Of course, Simon and his buddies really had something to
talk about after that. “Who does this guy think he is? Now he is forgiving
sins?”
And then, in a remarkable turn, in a brilliant turn, in
perhaps the greatest coup de grace, Jesus turns the passive expression into an
active one, saying to the woman:
“Your faith has saved you. Now go live in peace.”
WHAT?!! Her faith?! What faith is that?
Wait!! What about the
rules, the law of sin and death? What about confession? What about repenting,
feeling bad, a little guilt, would that kill you? What about keeping the
commandments, the wages of sin, the lust of the flesh, falling short, evil
thoughts, selfishness, that thing with my neighbor’s wife?
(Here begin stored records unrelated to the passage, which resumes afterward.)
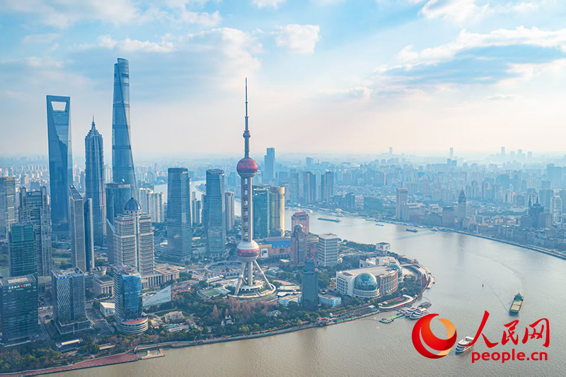 从浦西第一高楼拍摄陆家嘴风光。人民网记者 王初摄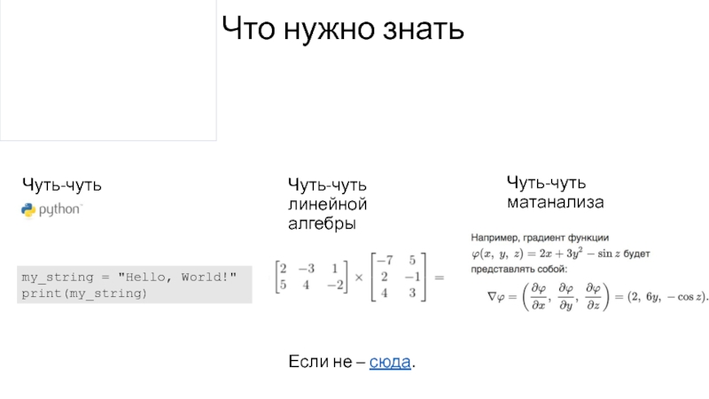 Что нужно знатьЧуть-чутьmy_string = "Hello, World!" print(my_string)Чуть-чутьлинейной алгебрыЧуть-чутьматанализаЕсли не – сюда.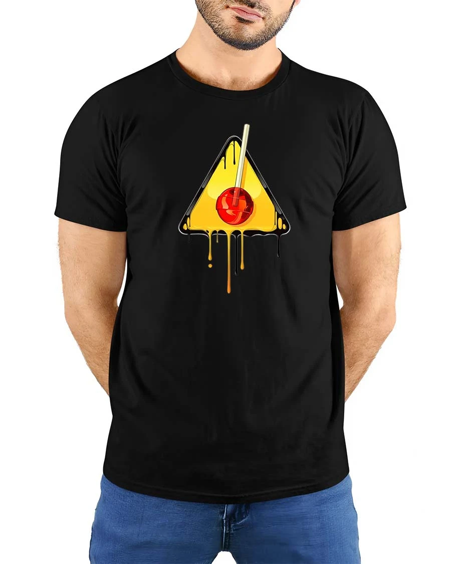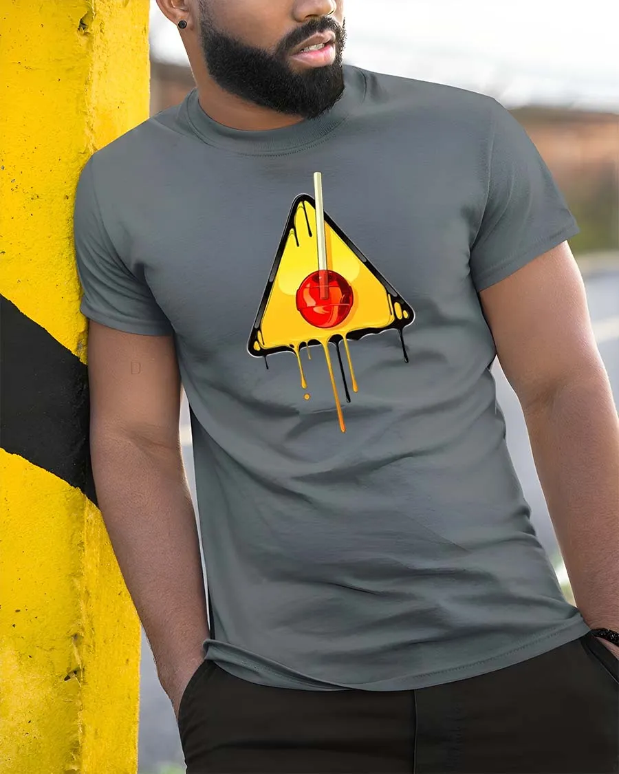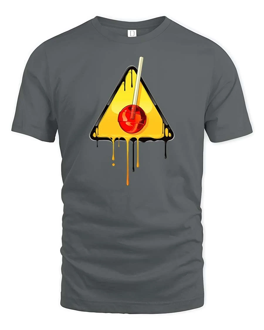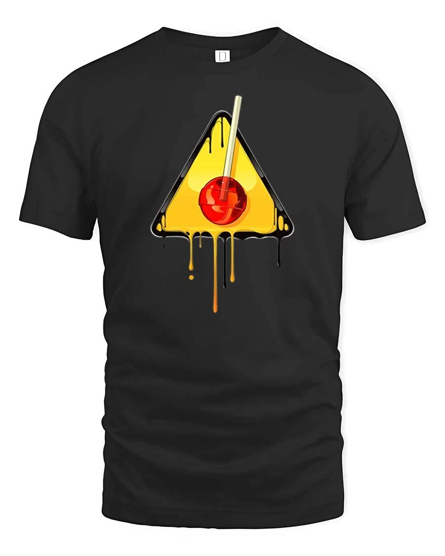 Melting Cherry Warning Sign Graphic t-shirt Cool Art Tee adds creativity and personality to any wardrobe.

What about baptism,
confirmation, membership?
Are you telling me faith, just faith, naked plain old faith, can just
fix all of that?
It’s like nobody sees it coming.
Perhaps some of us wish we could unsee it.
Most of the time we want the answers to the big questions in
a direct, vigorous declaratory statement. For the big stuff, an indirect
expression of the state of affairs just does not satisfy our need to know. So we whine a little about the passive voice.
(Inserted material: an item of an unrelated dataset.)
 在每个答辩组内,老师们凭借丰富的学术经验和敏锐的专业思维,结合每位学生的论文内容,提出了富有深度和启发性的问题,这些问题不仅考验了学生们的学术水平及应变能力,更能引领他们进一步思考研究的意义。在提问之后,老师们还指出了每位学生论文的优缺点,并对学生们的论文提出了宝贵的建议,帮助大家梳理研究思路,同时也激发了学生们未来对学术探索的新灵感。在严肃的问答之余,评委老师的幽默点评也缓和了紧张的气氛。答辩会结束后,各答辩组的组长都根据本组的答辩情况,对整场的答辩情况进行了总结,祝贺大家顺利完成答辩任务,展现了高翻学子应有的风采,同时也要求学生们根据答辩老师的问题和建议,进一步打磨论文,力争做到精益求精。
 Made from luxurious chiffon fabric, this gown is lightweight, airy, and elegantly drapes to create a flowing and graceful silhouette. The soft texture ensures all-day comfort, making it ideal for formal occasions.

It’s evasive. Why not just say what you mean?
And then we get the news: direct, active, clear, simple.
We have been forgiven.
Our faith has already saved us.
The people with the big debts seem to get it and, great
balls of fire, if they sometimes don’t get all kissy and crying and stuff.
Sure, the people with little debts might get a little happy,
but mostly they don’t get it. For them, the big demonstration of exuberance might
not make much sense. They want to argue with it, deny it, put it on the table
and cut it open and kill it so they can study it and argue about it some more.
How can her faith have
saved her?
Whatever happened to
sin?
Was she saved before
she had faith or because she had faith?
When precisely did
this happen?
How can she know it
happened?
Good questions, all of them. For whatever reason, Jesus
didn’t spend a lot of time drawing these lines and boxes for us. His message
was both pretty murky and pretty fabulous.
Your sins have been forgiven. Passive voice.
Forgiveness happens. Or it has happened.
Grace occurs.
To the intellectually inclined, this passive construction
and its lack of precision is possibly a little unsatisfying.
To those with big debts, though, there isn’t anything
passive about it.
[i]
Strunk and White, The Elements of Style
(4th Ed. 2000, p. 18) One admits that S&W’s discussion thereafter is
slightly more nuanced on the issue, but nevertheless it is this declaration
that leads the section that is remembered and employed by those who would flog
others for their sins.
[ii]
See G. Pullum’s Language Log, July 18, 2006: http://itre.cis.upenn.edu/~myl/languagelog/archives/003366.html
I love where you took this Scott! Strunk & White meet Jesus and the woman with the expensive ointment. Love your writing style!